Explorative visual analytics on interval-based genomic data and their metadata.
AbstractBackground With the wide-spreading of public repositories of NGS processed data, the availability of user-friendly and effective tools for data exploration, analysis and visualization is becoming very relevant. These tools enable interactive analytics, an exploratory approach for the seamless “sense-making” of data through on-the-fly integration of analysis and visualization phases, suggested not only for evaluating processing results, but also for designing and adapting NGS data analysis pipelines.

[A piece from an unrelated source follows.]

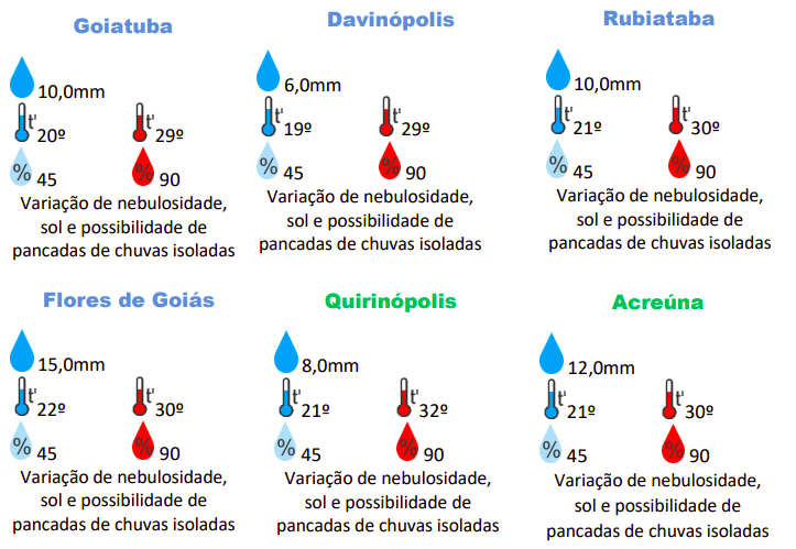 As regiões Leste, Sudoeste e Central de Goiás são as que enfrentarão as menores temperaturas, com mínimas de 18ºC e 19ºC, respectivamente. Já nas regiões Oeste, Norte e também Sudoeste, o calor pode checar a marcar aos 33ºC.

Results This paper presents abstractions for supporting the early analysis of NGS processed data and their implementation in an associated tool, named GenoMetric Space Explorer (GeMSE). This tool serves the needs of the GenoMetric Query Language, an innovative cloud-based system for computing complex queries over heterogeneous processed data. It can also be used starting from any text files in standard BED, BroadPeak, NarrowPeak, GTF, or general tab-delimited format, containing numerical features of genomic regions; metadata can be provided as text files in tab-delimited attribute-value format. GeMSE allows interactive analytics, consisting of on-the-fly cycling among steps of data exploration, analysis and visualization that help biologists and bioinformaticians in making sense of heterogeneous genomic datasets. By means of an explorative interaction support, users can trace past activities and quickly recover their results, seamlessly going backward and forward in the analysis steps and comparative visualizations of heatmaps.